Id. at 708. The Minnesota Supreme Court drew no distinction between a debtor’s interest in a personal injury claim already reduced to settlement or judgment and his interest in a pending claim. The Minnesota court’s policy arguments apply equally to both situations. Indeed, Medill stated:

“We can find no reason why the creditor should be able to attach a structured settlement any more than a homestead. To allow it is to place the burden on the taxpaying public while the creditors benefit from the award- Here, the social policy to exempt the recovery is even stronger [than in the case of homestead].”

Id. at 709 (emphasis added).

It is true that Medill deals with the constitutionality of the exemption statute, and does not speak to the precise issue before us, and that the statements in the opinion are dictum. On the other hand, the statements are powerful expressions by the state supreme court en banc of state public policy at the heart of the question before us. The question of exemption is one of state law, and when an issue has not been decided by the Supreme Court of a state, it is our responsibility to predict how that court would decide the case before us. I know of no clearer indicator of the direction the Minnesota Supreme Court would take than a statement by that court en banc, dictum though it may be.
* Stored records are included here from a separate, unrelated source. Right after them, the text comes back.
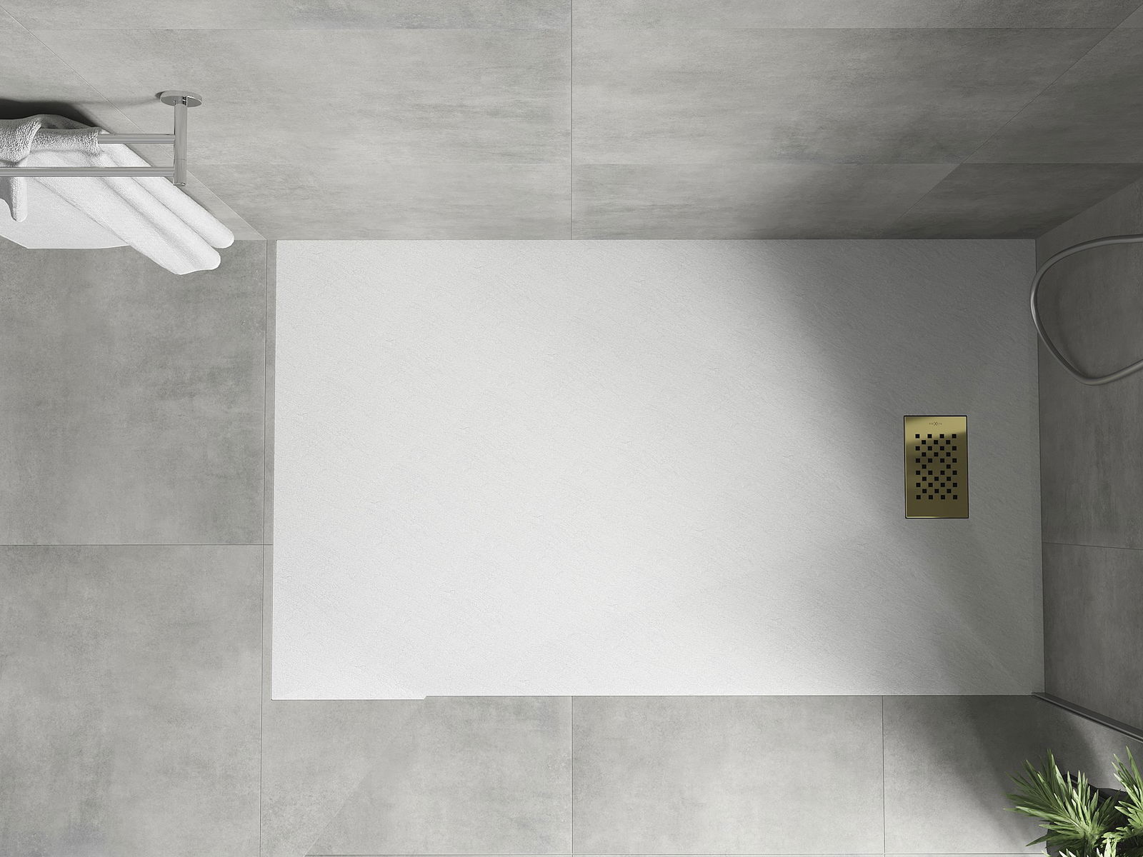 Mexen Hugo stačiakampis dušo padėklas SMC 150 x 70 cm, baltas, auksinė dangtelis - 42107015-G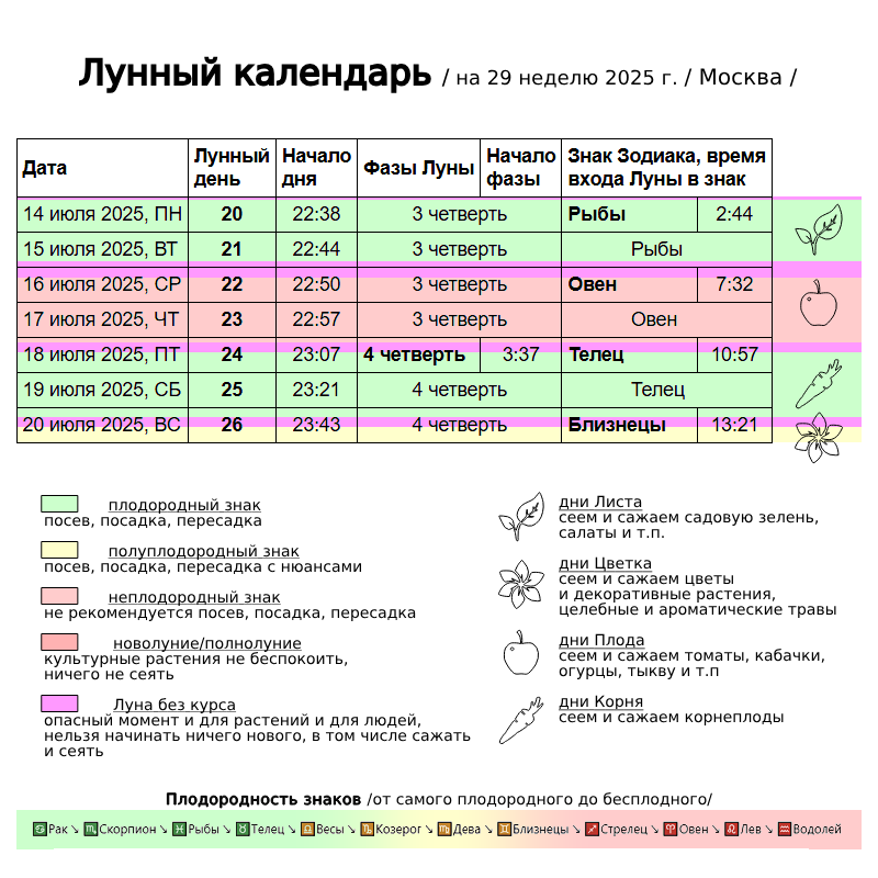 Ну наконец-то! Благоприятная неделя для работ с растениями, а то мои зелёные братья-сестры заждались) Но Луна без курса довольно много времени отъедает: Середина лета. Эпогей года. Лето – это маленькая жизнь (с). А в жизни цветовода наступает неотвратимая стадия борьбы. Борьбы с насекомыми и клещами). Мне в этом сезоне было лениво проводить профилактику, да и отравившийся под Новый год циперусом кот не подливал энтузазизму, и вроде как с трипсами-клещами пока пронесло, но вот грибные комарики одолели, вьются во всех горшках, достали. Пора начинать. И надо бы освежить знания) Рыбы – самый продуктивный знак Зодиака, обеспечивает обильный, но плохо сохраняемый урожай и на семенные цели не пригодный. Растения имеют хорошие корни, короткий стебель, вкусные плоды. При посеве и посадке в эти дни растения растут очень быстро (Овен — спринтер на короткие дистанции), но получаются слабыми, плохо завязывают плоды. Всходы появляются быстро, но урожай будет средним и плохо coхраняемым, а также непр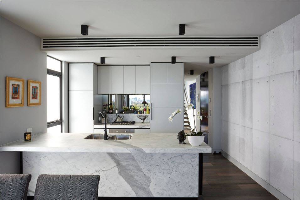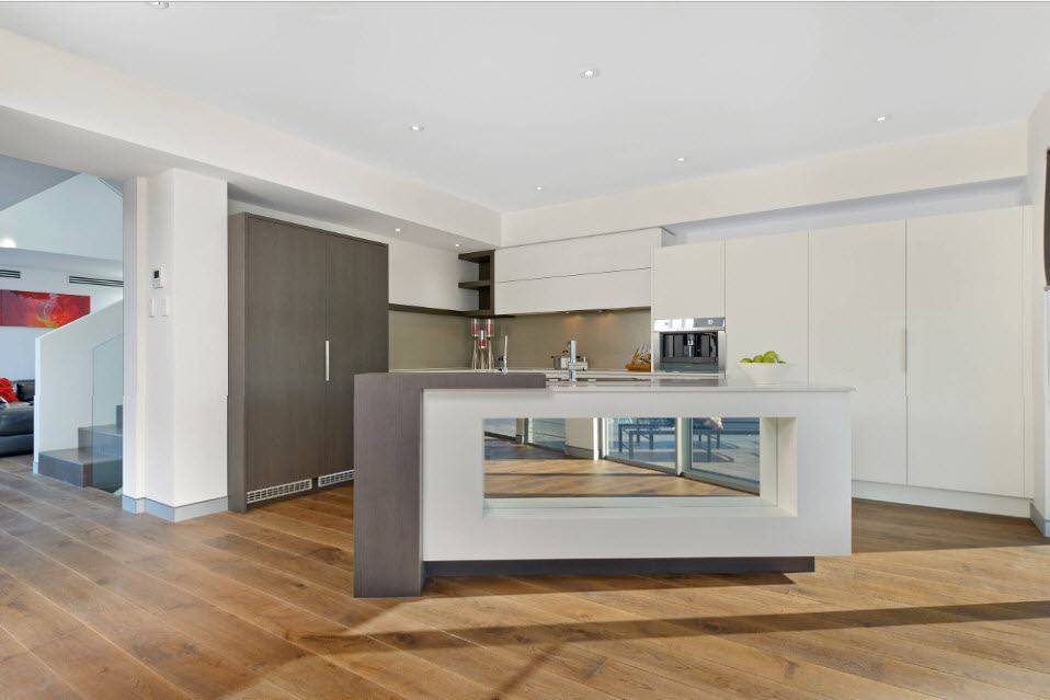 Но существенный недостаток – это маркость, присущая всем глянцевым поверхностям. В данном случае можно подобрать альтернативное и более практичное место для зеркальной поверхности – это фасады кухонного острова.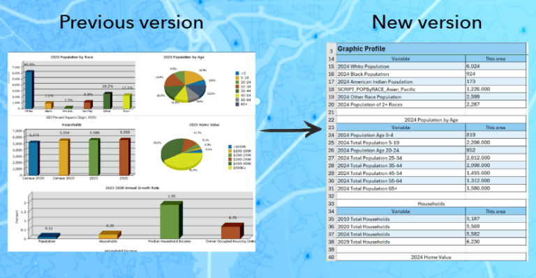 The Business Analyst widget in ArcGIS Experience Builder is a popular and well-loved tool that provides users with the ability to view additional information about any point or polygon feature on a map through the creation of reports and infographics. Check out some of our new enhancements: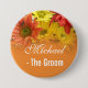 Rote, gelbe und orangefarbene Braut, Hochzeit des Button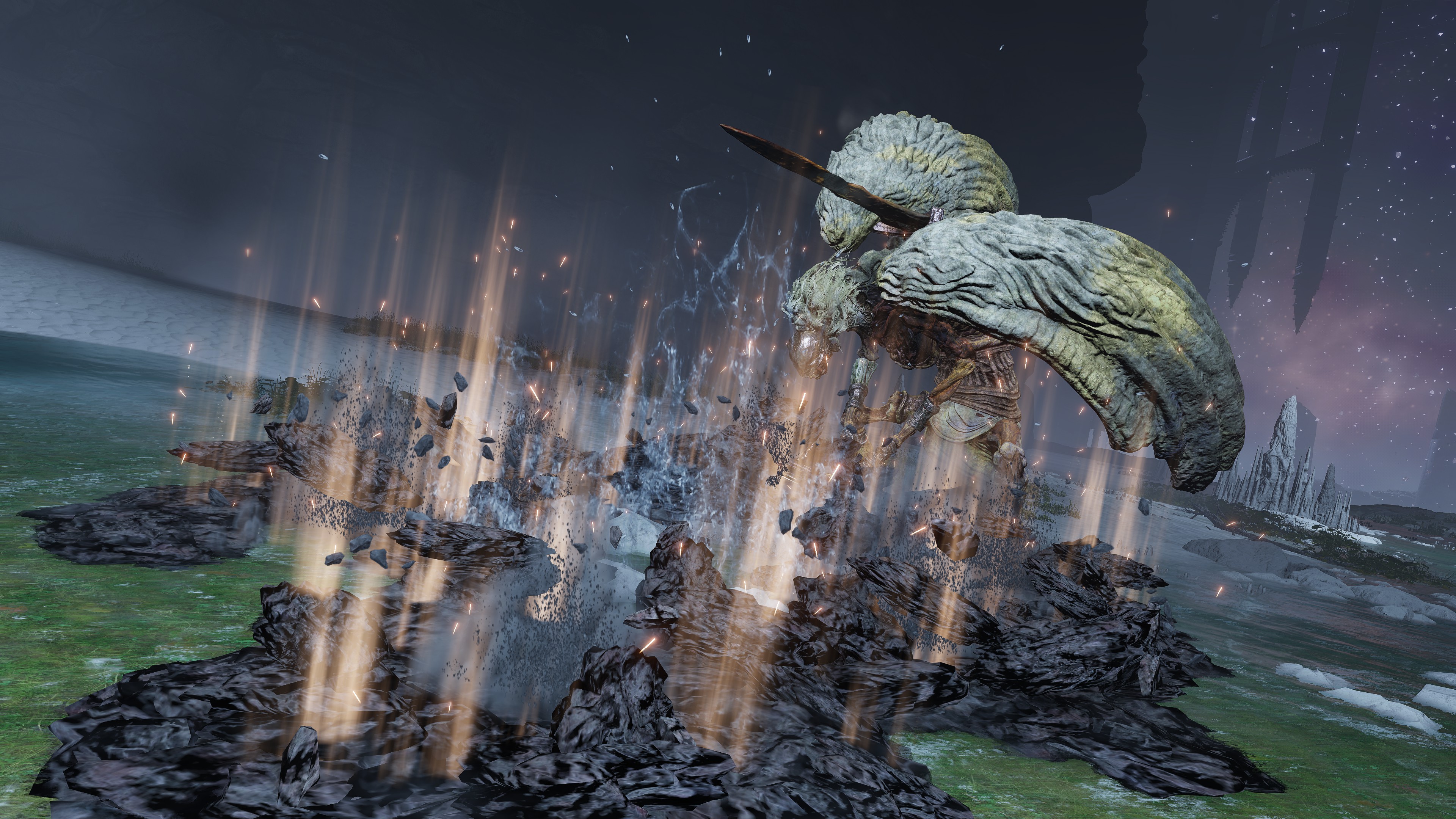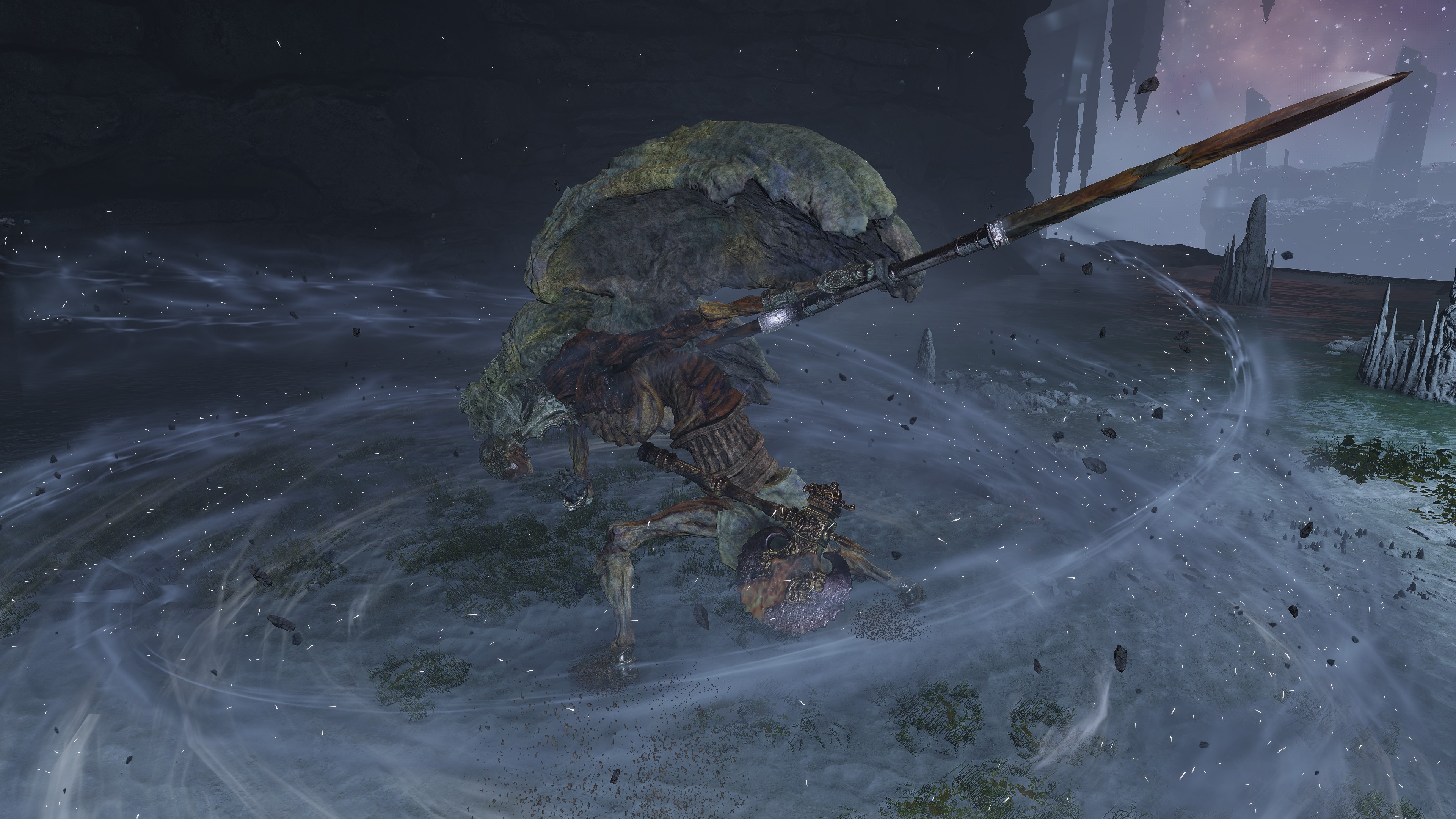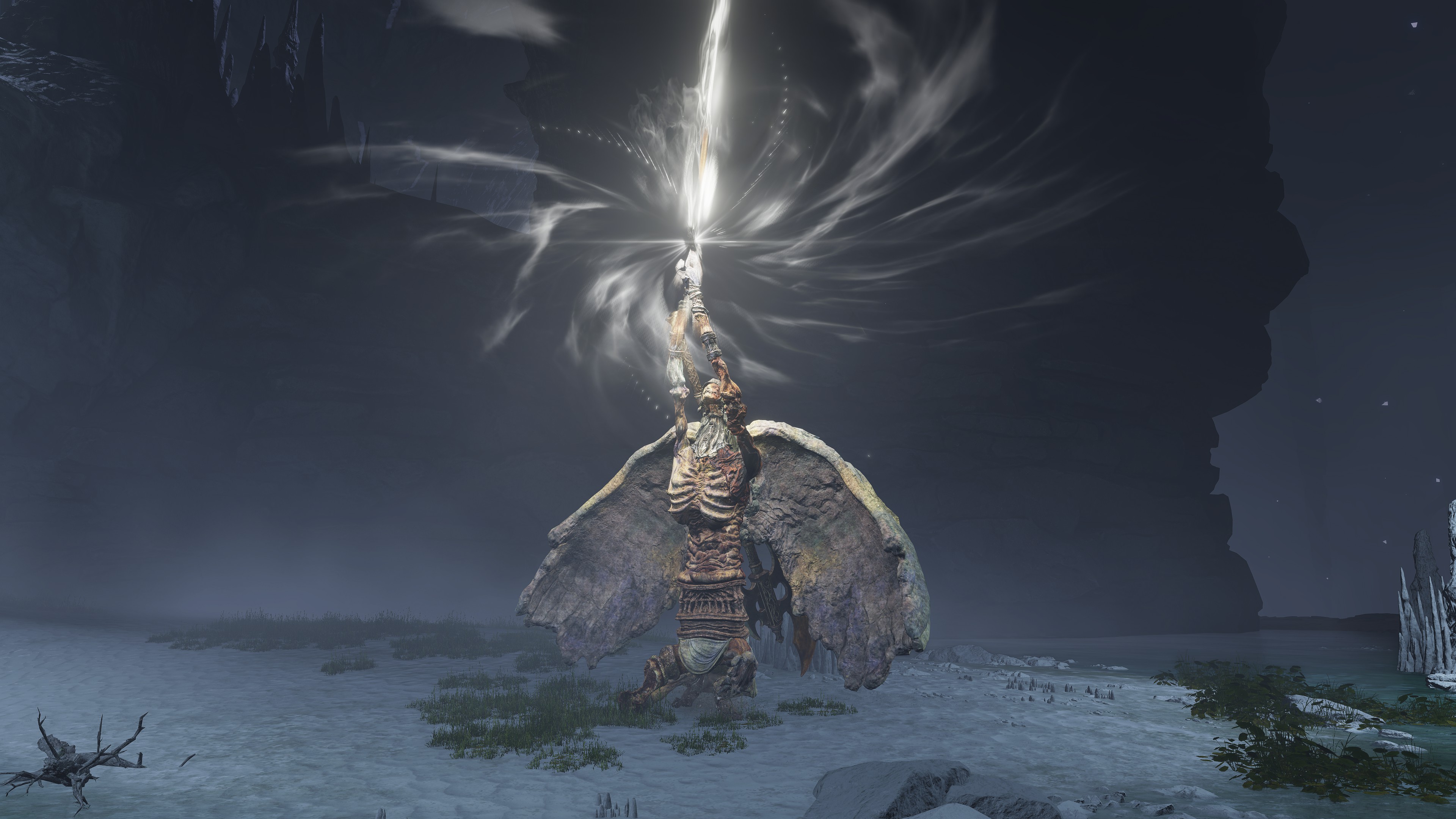 The Elden Lord apparently learned much from the cult, since he has incorporated some of the dragons’ concepts into his fighting style. Although utilizing holy power instead of lightning, Marika’s other half still conjures one large spear to hurl at enemies while in midair, alternating with five smaller spears thrown. Even if the latter is not too similar to Knight’s Lightning Spear, there is also his ability to teleport short distances, which brings to mind the Blinkbolt skills of Godwyn’s guard. Admittedly, some aspects of these attacks resemble glintstone sorcery, the fan of spears and warping comparable to Crystal Burst or Miriam’s Vanishing. But such inexact parallels are to be expected. Just as Radagon’s Icon increases the speed with which we cast sorceries or incantations, Radagon himself quickly learned how to use the respective arts for his ends. He previously completed his studies into sorcery with Rennala, and now he pursued mastery of the school of faith with Marika. The end goal was always to blend both into one perfect art reflective of a perfect Order.

The court states that “Medill’s tort claim was pending trial at all relevant times.” Supra at 704 n. 2. The Minnesota Supreme Court did not say anything to indicate that it relied on the fact that the claim was pending, rather than reduced to judgment, at any particular “relevant time.” The Medill decision itself reflects that judgment on the tort claim had been entered on March 15, 1989, before the Minnesota Supreme Court rendered its opinion approving the exemption on November 22, 1991. Id. at 704.

I believe that these statements of the Minnesota Supreme Court en banc in Medill show that it would apply the exemption in this case. Accordingly, I would affirm the judgment of the district court affirming the order of the bankruptcy court.